Salários para desenvolvedores full stack, front end e back end com mais tempo de carreira (sênior) subiram, em média, 12% de 2022 para 2024. Já os novatos (juniores e plenos) viram encolher em 14,5%, em média.
Diminuição de vagas
Companhias de tecnologia também estão contratando menos pessoas da área de programação, buscando mais eficiência e redução de custos. Para desenvolvedores, isso significa que as vagas estão mais disputadas.
O mercado de recrutamento em tecnologia contrasta com o que se via até 2022. Antes dessa época, as empresas estavam em crescimento acelerado, muito por conta do impulso exigido pela digitalização causada pela pandemia de covid-19.
Filippe Apolo, sócio da Fox Human Capital
Novatos com mais dificuldades
Desenvolvedores juniores são os mais afetados pelas mudanças no mercado de tecnologia. Isso porque, para as empresas, em um cenário de menos contratações, é mais eficiente contratar profissionais mais velhos, tidos como mais qualificados para resolver grandes problemas de programação.
Chegada da inteligência artificial (IA)
A inteligência artificial (IA) pode prejudicar também os próprios funcionários de tecnologia. Na área, ferramentas que ajudam a escrever linhas de código começam a se popularizar, como o copiloto do GitHub ou o próprio ChatGPT.

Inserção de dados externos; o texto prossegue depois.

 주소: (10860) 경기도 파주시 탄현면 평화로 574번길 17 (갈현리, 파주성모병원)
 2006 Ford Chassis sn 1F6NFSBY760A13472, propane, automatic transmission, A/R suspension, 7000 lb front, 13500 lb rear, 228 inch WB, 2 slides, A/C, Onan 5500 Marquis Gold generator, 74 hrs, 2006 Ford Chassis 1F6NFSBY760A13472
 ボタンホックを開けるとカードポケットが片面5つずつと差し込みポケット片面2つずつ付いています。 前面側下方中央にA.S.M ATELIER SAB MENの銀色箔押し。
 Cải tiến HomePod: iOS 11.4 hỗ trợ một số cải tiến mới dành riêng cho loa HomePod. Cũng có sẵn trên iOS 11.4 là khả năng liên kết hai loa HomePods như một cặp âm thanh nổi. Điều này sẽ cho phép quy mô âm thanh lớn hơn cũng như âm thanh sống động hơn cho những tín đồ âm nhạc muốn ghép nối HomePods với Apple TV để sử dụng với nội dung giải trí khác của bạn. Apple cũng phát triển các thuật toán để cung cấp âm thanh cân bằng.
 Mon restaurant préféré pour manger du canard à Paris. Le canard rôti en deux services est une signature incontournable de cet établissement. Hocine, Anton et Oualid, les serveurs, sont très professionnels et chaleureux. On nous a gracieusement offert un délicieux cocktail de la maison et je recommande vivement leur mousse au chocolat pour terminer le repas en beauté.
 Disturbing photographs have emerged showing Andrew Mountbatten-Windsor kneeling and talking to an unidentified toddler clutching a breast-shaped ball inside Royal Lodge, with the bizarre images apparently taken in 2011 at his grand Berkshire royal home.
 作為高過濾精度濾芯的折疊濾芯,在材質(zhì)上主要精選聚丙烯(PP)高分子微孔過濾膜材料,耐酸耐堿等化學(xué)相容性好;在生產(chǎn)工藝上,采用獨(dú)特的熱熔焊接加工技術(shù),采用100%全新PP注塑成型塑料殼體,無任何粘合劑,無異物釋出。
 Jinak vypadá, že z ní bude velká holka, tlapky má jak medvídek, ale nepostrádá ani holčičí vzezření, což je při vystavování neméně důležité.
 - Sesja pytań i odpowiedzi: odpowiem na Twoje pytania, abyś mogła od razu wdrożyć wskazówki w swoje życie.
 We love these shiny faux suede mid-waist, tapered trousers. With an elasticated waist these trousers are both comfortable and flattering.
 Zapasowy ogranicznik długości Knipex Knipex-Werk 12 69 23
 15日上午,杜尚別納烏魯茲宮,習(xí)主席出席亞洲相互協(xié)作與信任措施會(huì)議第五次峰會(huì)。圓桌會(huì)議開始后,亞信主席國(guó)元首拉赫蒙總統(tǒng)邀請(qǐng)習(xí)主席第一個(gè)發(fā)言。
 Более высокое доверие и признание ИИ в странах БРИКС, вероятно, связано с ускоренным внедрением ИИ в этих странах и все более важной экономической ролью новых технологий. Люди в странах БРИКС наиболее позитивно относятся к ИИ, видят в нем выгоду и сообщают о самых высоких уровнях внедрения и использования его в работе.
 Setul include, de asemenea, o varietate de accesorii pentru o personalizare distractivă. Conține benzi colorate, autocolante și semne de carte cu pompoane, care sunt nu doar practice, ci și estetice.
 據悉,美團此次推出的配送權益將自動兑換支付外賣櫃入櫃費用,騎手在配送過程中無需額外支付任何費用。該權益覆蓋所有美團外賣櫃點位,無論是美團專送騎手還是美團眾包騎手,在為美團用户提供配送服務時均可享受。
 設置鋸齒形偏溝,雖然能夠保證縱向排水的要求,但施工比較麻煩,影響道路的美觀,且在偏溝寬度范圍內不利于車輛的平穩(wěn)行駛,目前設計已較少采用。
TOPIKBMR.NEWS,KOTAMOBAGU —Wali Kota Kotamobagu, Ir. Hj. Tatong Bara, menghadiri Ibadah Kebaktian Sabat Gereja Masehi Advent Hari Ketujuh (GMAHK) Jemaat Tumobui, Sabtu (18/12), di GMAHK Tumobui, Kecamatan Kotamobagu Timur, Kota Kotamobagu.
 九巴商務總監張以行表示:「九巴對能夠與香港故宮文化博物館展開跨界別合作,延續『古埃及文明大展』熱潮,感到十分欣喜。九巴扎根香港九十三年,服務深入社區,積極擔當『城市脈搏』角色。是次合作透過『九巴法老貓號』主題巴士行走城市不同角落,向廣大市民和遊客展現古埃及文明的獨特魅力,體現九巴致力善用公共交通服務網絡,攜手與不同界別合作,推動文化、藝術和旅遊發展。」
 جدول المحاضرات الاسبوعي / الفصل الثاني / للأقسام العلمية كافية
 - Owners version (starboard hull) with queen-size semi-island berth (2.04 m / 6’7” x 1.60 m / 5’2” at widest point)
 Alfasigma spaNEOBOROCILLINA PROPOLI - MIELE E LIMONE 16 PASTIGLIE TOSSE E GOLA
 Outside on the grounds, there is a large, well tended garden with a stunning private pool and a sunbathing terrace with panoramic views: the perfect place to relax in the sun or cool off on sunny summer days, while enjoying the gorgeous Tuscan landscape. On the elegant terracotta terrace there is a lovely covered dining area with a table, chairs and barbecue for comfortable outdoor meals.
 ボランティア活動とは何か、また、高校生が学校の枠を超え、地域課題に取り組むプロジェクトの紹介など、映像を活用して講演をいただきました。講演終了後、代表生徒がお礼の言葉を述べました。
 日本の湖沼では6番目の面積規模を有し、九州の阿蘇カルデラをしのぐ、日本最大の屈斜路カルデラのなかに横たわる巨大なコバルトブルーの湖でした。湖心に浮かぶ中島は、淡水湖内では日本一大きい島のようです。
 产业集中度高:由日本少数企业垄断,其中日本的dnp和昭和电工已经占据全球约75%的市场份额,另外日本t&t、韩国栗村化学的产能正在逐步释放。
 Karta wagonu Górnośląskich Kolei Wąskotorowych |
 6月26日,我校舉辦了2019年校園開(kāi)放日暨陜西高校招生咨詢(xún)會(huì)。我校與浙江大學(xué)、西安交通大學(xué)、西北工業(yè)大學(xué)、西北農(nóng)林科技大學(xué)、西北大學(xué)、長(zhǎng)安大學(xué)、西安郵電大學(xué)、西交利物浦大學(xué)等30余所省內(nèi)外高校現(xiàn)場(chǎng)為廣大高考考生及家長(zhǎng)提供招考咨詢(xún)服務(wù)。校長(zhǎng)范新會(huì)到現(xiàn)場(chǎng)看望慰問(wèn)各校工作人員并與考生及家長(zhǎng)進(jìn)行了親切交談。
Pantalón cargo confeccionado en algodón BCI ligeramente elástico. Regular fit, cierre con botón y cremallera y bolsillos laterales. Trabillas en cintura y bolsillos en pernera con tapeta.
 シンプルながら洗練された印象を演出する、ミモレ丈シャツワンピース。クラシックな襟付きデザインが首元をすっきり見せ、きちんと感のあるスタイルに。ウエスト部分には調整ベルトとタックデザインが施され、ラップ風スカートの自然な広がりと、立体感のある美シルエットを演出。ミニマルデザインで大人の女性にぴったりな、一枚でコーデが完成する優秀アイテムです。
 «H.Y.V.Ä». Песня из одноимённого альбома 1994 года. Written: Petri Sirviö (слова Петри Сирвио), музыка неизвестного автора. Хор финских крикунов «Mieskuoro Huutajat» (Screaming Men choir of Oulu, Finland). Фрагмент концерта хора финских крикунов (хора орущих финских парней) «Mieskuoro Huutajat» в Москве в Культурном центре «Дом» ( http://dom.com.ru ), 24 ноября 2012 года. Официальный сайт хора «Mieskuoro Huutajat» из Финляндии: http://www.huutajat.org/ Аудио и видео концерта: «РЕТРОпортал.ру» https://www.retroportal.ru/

“Os profissionais que executam funções mais repetitivas estão mais ameaçados”, explica Filippe Apolo. “Há três anos, um desenvolvedor demorava três a quatro horas para codar uma linha. Hoje, com IA, ele demora 20 ou 30 minutos para realizar o mesmo trabalho.”
Há um lado bom: vagas para quem trabalha com IA (como cientista de dados e especialistas em aprendizado de máquina) estão em alta.
Salário emocional
Para compensar o cenário de piora para os funcionários, empresas de tecnologia adotaram o que a consultoria Fox Human chama de “salário emocional”.
Salário emocional refere-se ao conjunto de benefícios que vão além do holerite mensal, como assistência médica, vale-transporte, vale-refeição e afins. Outro fator é o ambiente de trabalho, o que inclui o enfoque em saúde mental e em políticas de trabalho remoto.
“No momento em que os salários estão em baixa, olhar para o salário emocional é uma forma de atrair bons profissionais. Nossas empresas precisam ‘sambar’ mais para competir com as empresas que pagam em dólar, trazendo diferenciais como programas de diversidade, por exemplo”, diz Apolo. “Salário emocional é acolhimento, perspectiva, benefício. A companhia que não tiver vai perder competitividade no mercado.”